§ **WORK ITEM**: When writing out the entries below, keep only the lines from the line with "Carcasa o calota" to the line with "This beautiful area", both included, exactly as they are, and leave the pictures aside.

§ **DATA TO EXAMINE**:
..............................

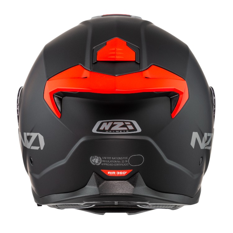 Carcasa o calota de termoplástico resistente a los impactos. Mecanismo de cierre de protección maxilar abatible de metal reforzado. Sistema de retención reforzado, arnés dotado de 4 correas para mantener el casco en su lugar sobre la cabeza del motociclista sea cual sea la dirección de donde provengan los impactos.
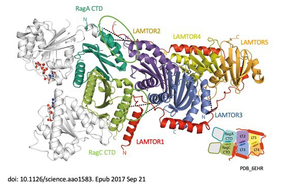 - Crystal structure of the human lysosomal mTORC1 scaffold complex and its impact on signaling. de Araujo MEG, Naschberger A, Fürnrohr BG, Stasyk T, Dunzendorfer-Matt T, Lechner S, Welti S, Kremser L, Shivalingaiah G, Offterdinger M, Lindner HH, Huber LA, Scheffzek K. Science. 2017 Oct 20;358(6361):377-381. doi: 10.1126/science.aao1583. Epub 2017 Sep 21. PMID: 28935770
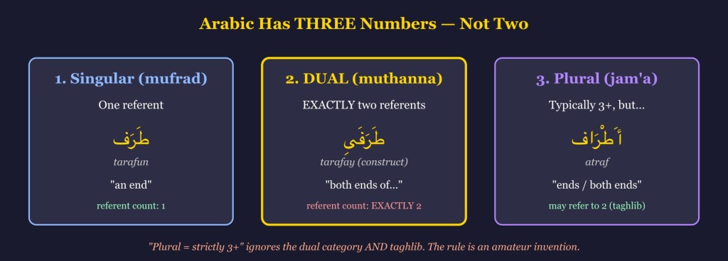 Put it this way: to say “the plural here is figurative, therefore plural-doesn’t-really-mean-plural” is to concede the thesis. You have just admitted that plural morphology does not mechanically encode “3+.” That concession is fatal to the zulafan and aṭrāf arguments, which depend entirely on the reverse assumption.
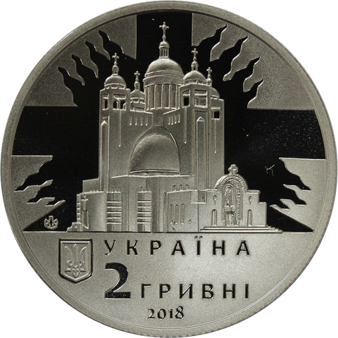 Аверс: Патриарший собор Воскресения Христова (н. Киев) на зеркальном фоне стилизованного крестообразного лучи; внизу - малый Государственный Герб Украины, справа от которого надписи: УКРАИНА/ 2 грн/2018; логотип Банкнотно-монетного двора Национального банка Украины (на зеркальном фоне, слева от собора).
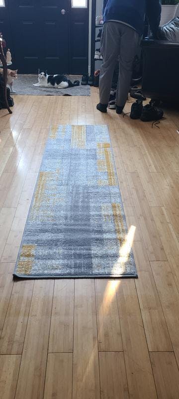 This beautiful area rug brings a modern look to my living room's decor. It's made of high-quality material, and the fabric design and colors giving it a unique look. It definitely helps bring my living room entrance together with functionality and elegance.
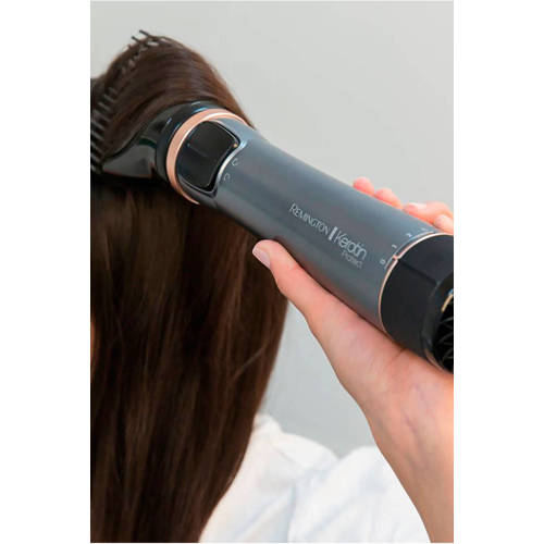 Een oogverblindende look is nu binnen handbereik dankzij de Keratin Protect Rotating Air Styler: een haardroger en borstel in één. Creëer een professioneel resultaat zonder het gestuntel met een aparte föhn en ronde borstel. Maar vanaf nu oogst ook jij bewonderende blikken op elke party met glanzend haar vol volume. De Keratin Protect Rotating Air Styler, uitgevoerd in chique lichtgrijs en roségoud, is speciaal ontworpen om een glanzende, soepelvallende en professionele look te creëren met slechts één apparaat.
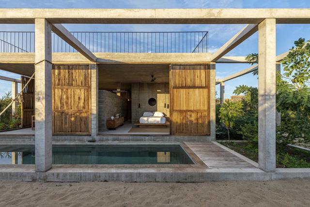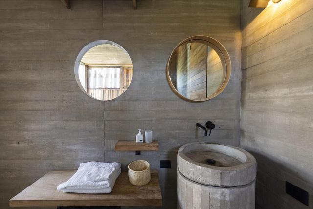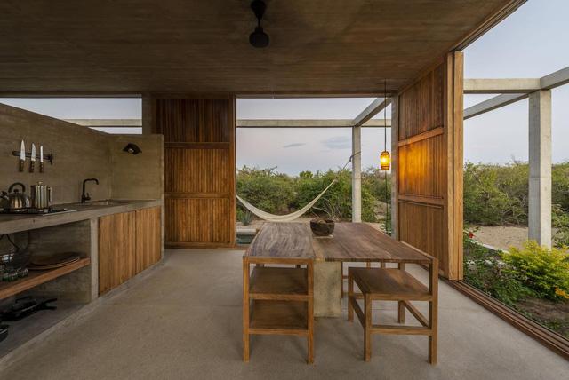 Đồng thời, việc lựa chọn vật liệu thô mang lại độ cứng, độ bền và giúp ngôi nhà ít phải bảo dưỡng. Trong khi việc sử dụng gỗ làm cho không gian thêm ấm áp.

..............................

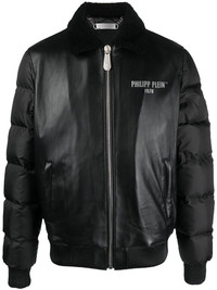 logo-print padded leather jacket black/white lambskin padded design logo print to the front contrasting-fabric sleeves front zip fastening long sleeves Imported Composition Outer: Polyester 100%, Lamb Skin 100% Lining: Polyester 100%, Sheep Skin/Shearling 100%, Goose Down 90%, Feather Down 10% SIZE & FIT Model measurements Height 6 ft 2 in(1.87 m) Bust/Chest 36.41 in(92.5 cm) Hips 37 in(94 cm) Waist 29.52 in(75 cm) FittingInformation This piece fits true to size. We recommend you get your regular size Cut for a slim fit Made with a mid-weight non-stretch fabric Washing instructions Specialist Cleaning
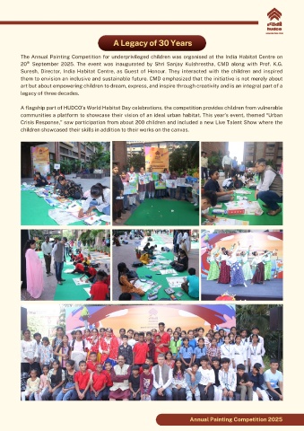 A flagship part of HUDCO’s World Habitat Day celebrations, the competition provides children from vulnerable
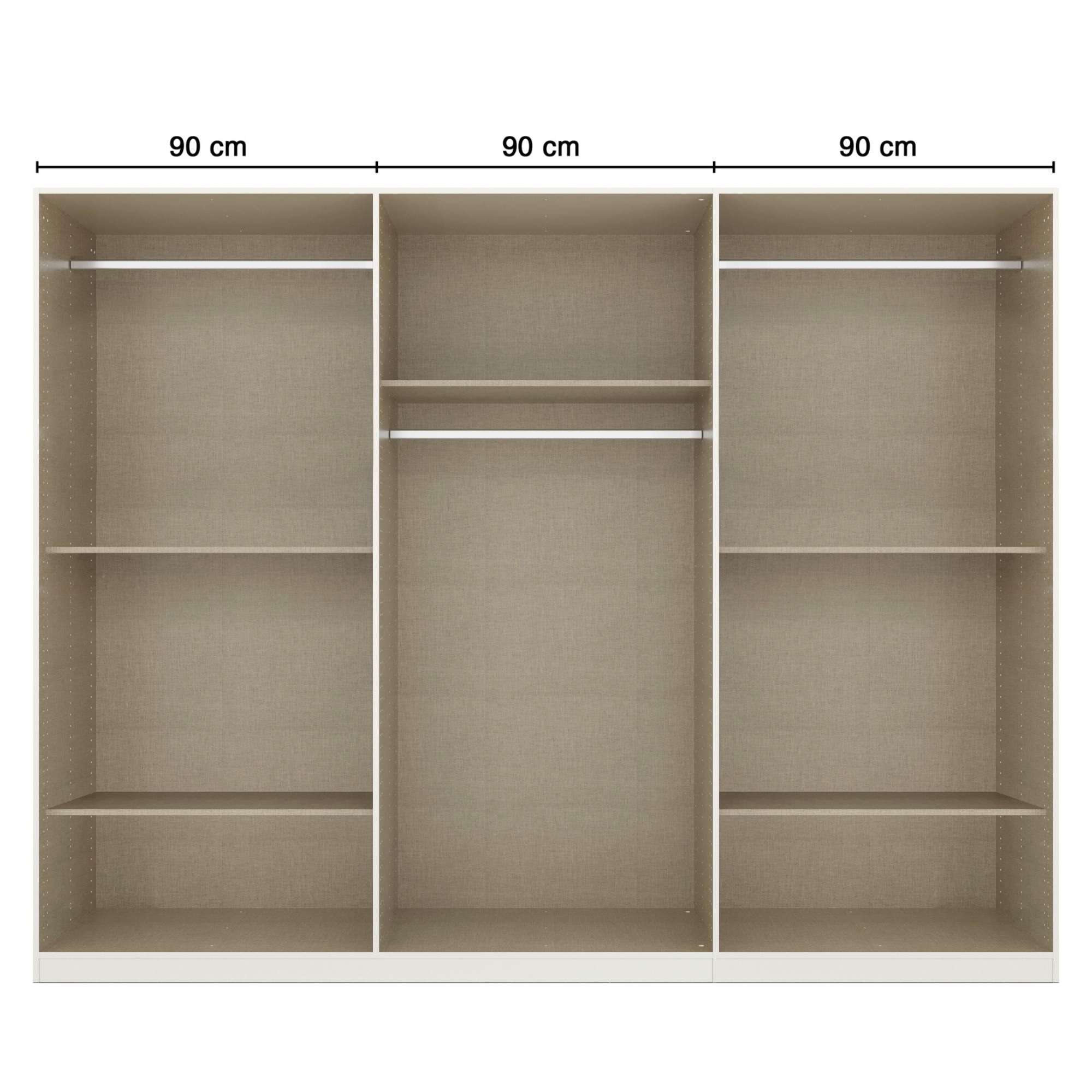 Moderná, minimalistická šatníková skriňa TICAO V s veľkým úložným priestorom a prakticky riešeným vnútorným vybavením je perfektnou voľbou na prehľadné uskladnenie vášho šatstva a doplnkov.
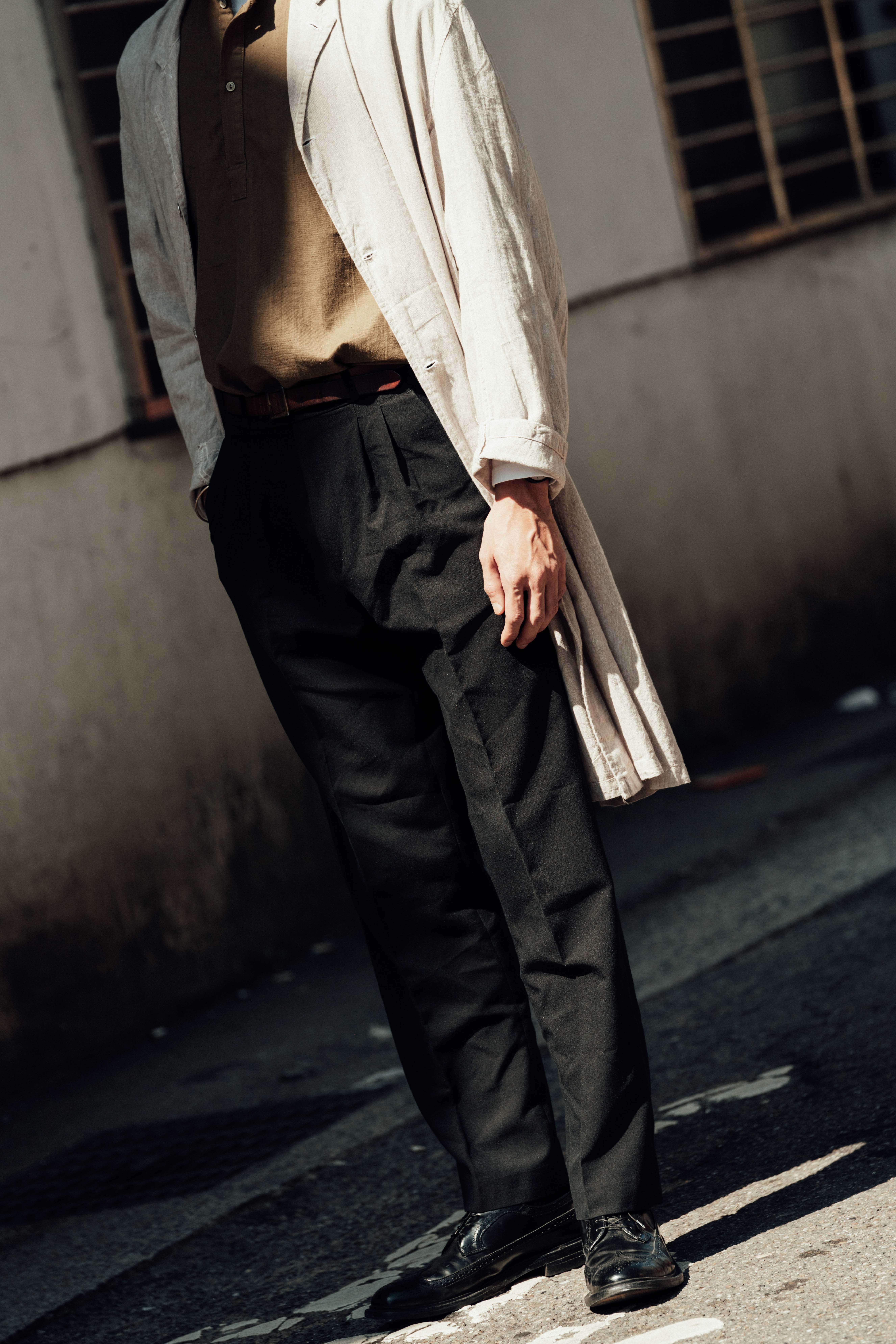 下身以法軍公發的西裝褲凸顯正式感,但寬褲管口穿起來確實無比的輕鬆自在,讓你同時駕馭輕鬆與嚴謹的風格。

..............................

§ **EXPECTED OUTPUT**:
 Carcasa o calota de termoplástico resistente a los impactos. Mecanismo de cierre de protección maxilar abatible de metal reforzado. Sistema de retención reforzado, arnés dotado de 4 correas para mantener el casco en su lugar sobre la cabeza del motociclista sea cual sea la dirección de donde provengan los impactos.
 - Crystal structure of the human lysosomal mTORC1 scaffold complex and its impact on signaling. de Araujo MEG, Naschberger A, Fürnrohr BG, Stasyk T, Dunzendorfer-Matt T, Lechner S, Welti S, Kremser L, Shivalingaiah G, Offterdinger M, Lindner HH, Huber LA, Scheffzek K. Science. 2017 Oct 20;358(6361):377-381. doi: 10.1126/science.aao1583. Epub 2017 Sep 21. PMID: 28935770
 Put it this way: to say “the plural here is figurative, therefore plural-doesn’t-really-mean-plural” is to concede the thesis. You have just admitted that plural morphology does not mechanically encode “3+.” That concession is fatal to the zulafan and aṭrāf arguments, which depend entirely on the reverse assumption.
 Аверс: Патриарший собор Воскресения Христова (н. Киев) на зеркальном фоне стилизованного крестообразного лучи; внизу - малый Государственный Герб Украины, справа от которого надписи: УКРАИНА/ 2 грн/2018; логотип Банкнотно-монетного двора Национального банка Украины (на зеркальном фоне, слева от собора).
 This beautiful area rug brings a modern look to my living room's decor. It's made of high-quality material, and the fabric design and colors giving it a unique look. It definitely helps bring my living room entrance together with functionality and elegance.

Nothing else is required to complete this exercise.